For centuries, peasant women typically wore a halter top (yếm) underneath a blouse or overcoat, alongside a skirt (váy). Aristocrats, on the other hand, favored a cross-collar robe called áo giao lĩnh. When the Ming dynasty occupied Đại Việt during the Fourth Era of Northern Domination in 1407, it forced the women to wear Chinese-style pants. The following Lê dynasty also criticized women for violating Neo-Confucian dress norms, but only enforced the dress code haphazardly, so skirts and halter tops remained the norm. During the 17th and 18th centuries, Vietnam was divided into northern and southern realms, with the Nguyễn lords ruling the south.
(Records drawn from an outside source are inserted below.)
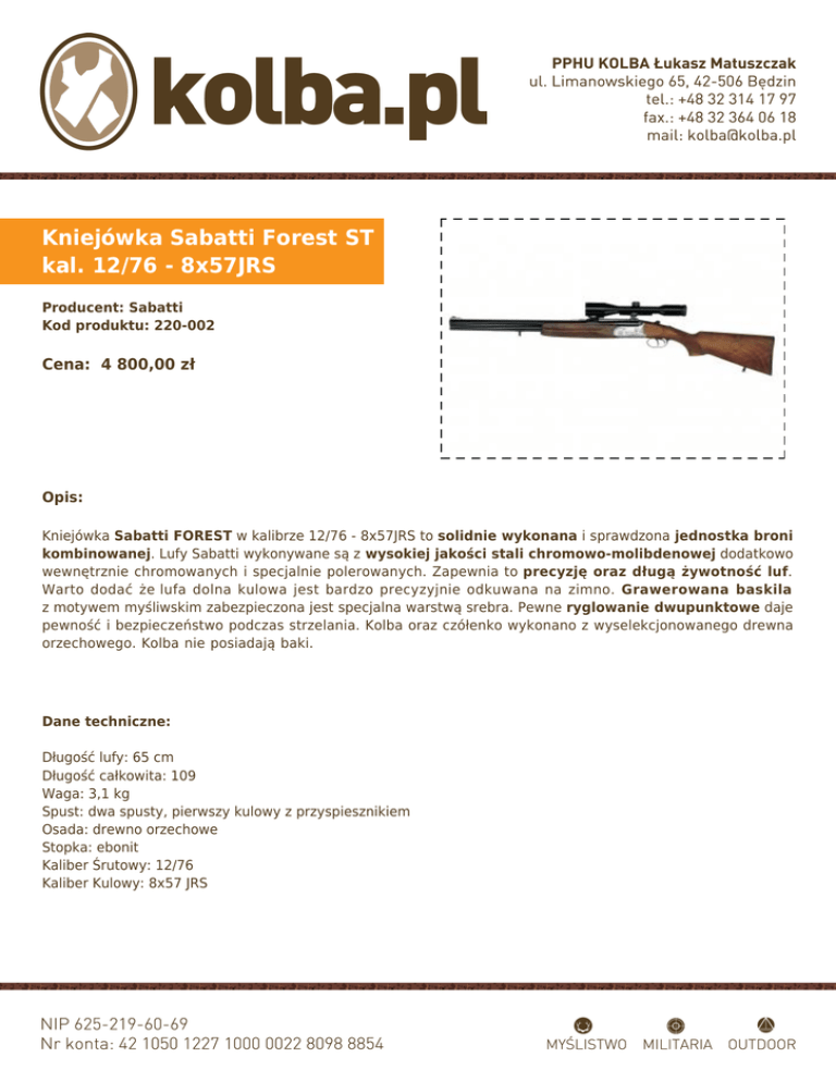 Kniejówka Sabatti Forest ST kal. 12/76 - 8x57JRS Producent: Sabatti Kod produktu: 220-002 Cena: 4 800,00 zł Opis: Kniejówka Sabatti FOREST w kalibrze 12/76 - 8x57JRS to solidnie wykonana i sprawdzona jednostka broni kombinowanej. Lufy Sabatti wykonywane są z wysokiej jakości stali chromowo-molibdenowej dodatkowo wewnętrznie chromowanych i specjalnie polerowanych. Zapewnia to precyzję oraz długą żywotność luf. Warto dodać że lufa dolna kulowa jest bardzo precyzyjnie odkuwana na zimno. Grawerowana baskila z motywem myśliwskim zabezpieczona jest specjalna warstwą srebra. Pewne ryglowanie dwupunktowe daje pewność i bezpieczeństwo podczas strzelania. Kolba oraz czółenko wykonano z wyselekcjonowanego drewna orzechowego. Kolba nie posiadają baki. Dane techniczne: Długość lufy: 65 cm Długość całkowita: 109 Waga: 3,1 kg Spust: dwa spusty, pierwszy kulowy z przyspiesznikiem Osada: drewno orzechowe Stopka: ebonit Kaliber Śrutowy: 12/76 Kaliber Kulowy: 8x57 JRS Dodatkowe informacje: Możliwiość zamówienia kalibru dla lufy gładkiej: 20/76, 12/76 Możliwość zamówienia kalibru dla lufy gwintowanej: 8x57 JRS, 7x65R, 7x57R, 6,5x57R, 6,5x55 SE, 308 Win, 30-06 Spring, 9,3x74R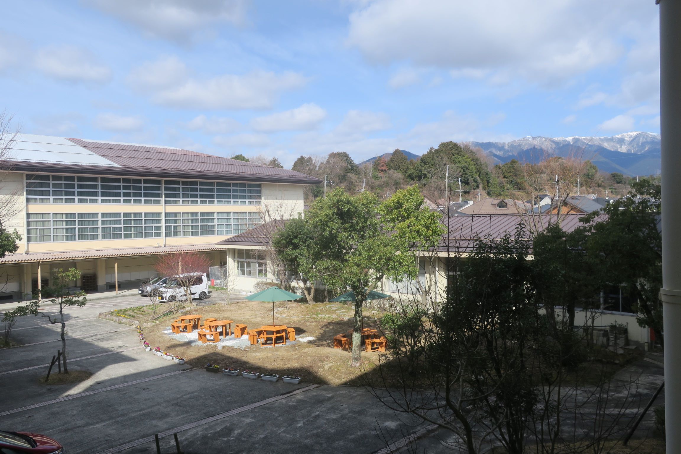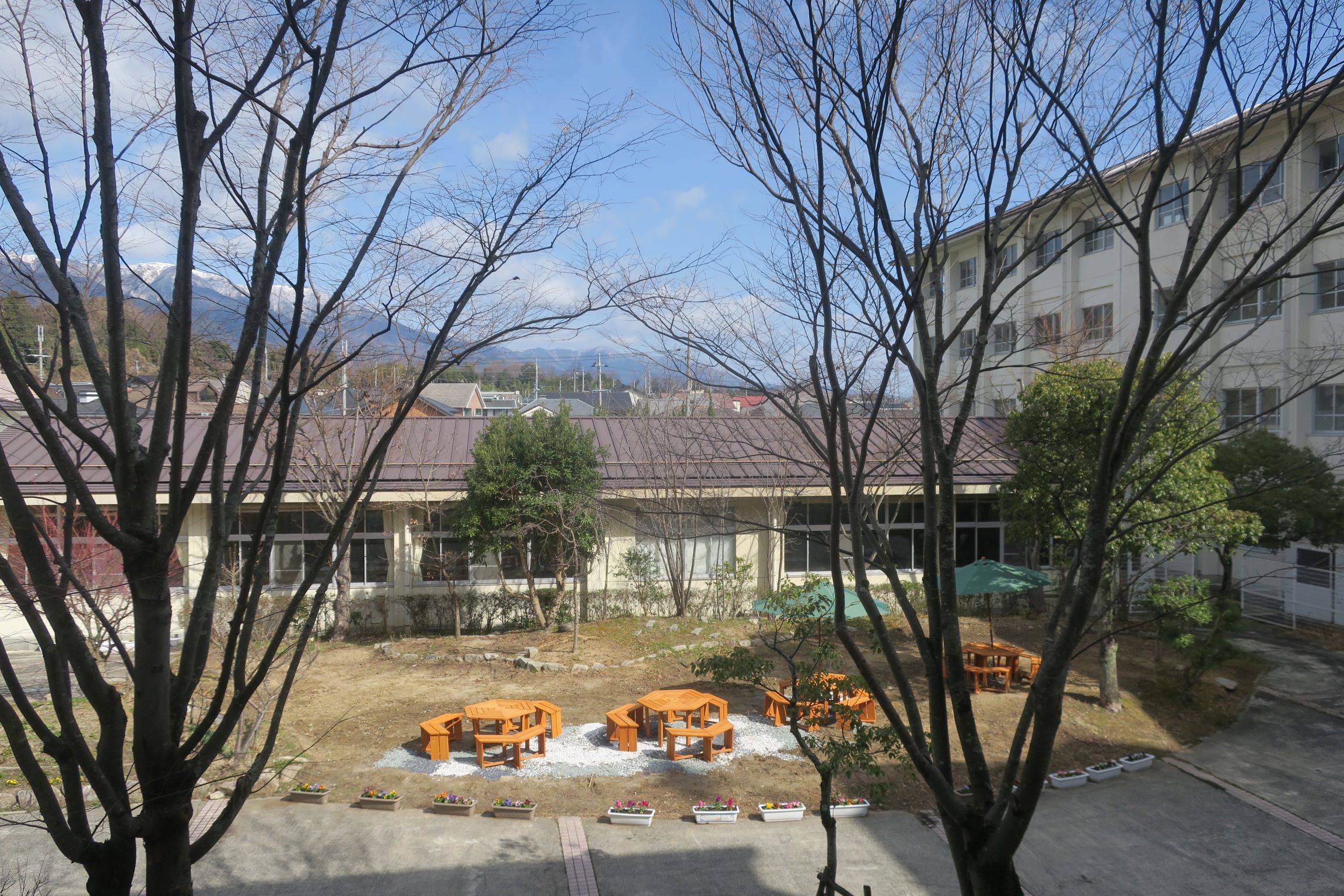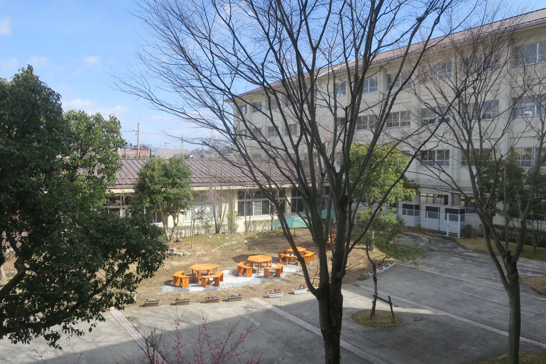 使用できなくなっていたビオトープ装置の撤去や土地改良工事を進めていただきました。真野北学区社会福祉協議会 会長さん、13個のプランターに花の苗を植え、中庭の周囲に設置していただきました。卒業式前日には砂利をしき、4つのパラソルつきベンチを設置し、ついに新しい「中庭」が完成しました。
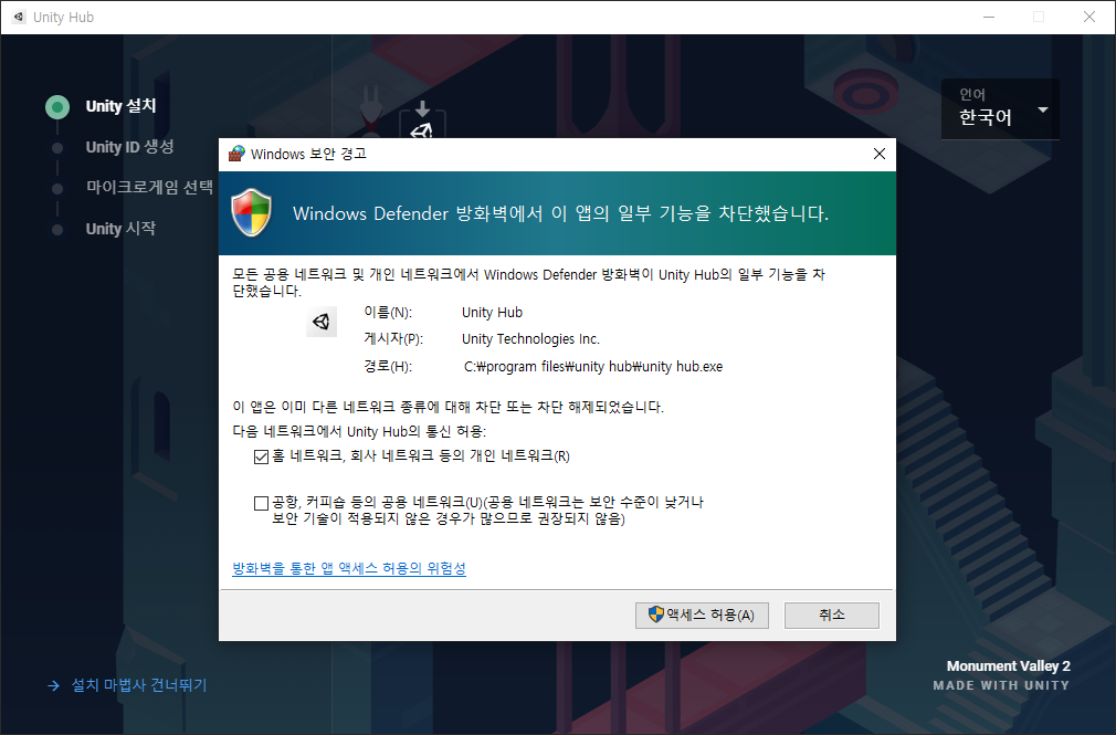 참고로 나는 기존 포스팅에서 유니티 2021.1.13f1 버전을 설치했지만, 확인하고 싶은 내용이 있어서 기존에 설치했던 Unity Hub와 유니티를 삭제했다. 그후에 D 드라이브에 Unity Hub와 유니티 2020.3.13f1 버전을 새로 설치했다. 만약에 기존의 포스팅을 통해서 2021.1.13f1 버전을 설치했다면, 굳이 설치된 것들을 삭제하고 2020.3.13f1 버전을 설치할 필요는 없다.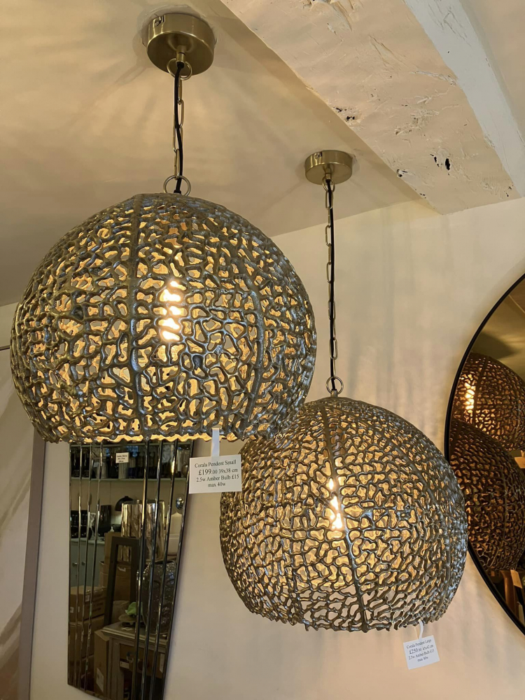 The Glorious Corala Lights that we have sold as table lights we have as pendent lights.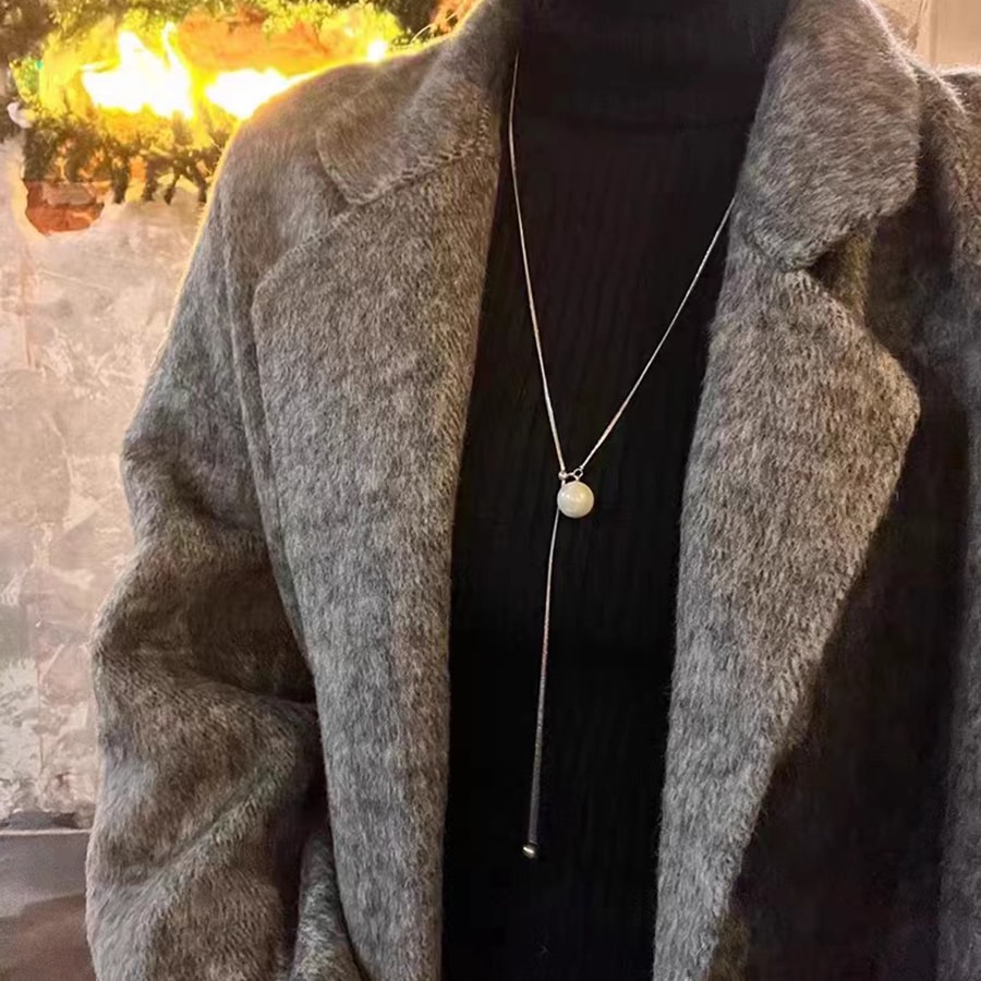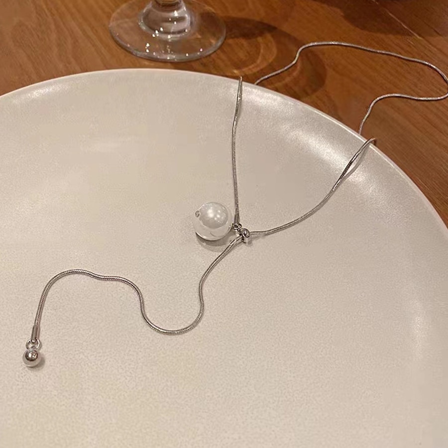 自由にパールを動かして好みのシルエットに調節ができるYラインのシルエットが美しいループタイネックレスです。

To distinguish the southern people from the northerners, in 1744, Lord Nguyễn Phúc Khoát of Huế decreed that both men and women at his court wear trousers and a gown with buttons down the front. (Note: A court historian described the costume in Huế as follows: "Outside court, men and women wear gowns with straight collars and short sleeves. The sleeves are large or small depending on the wearer. There are seams on both sides running down from the sleeve, so the gown is not open anywhere. Men may wear a round collar and a short sleeve for more convenience." ("Thường phục thì đàn ông, đàn bà dùng áo cổ đứng ngắn tay, cửa ống tay rộng hoặc hẹp tùy tiện. Áo thì hai bên nách trở xuống phải khâu kín liền, không được xẻ mở. Duy đàn ông không muốn mặc áo cổ tròn ống tay hẹp cho tiện khi làm việc thì được phép…") (from Đại Nam Thực Lục [Records of Đại Nam])) The members of the southern court were thus distinguished from the courtiers of the Trịnh Lords in Hanoi, who wore áo giao lĩnh with long skirts.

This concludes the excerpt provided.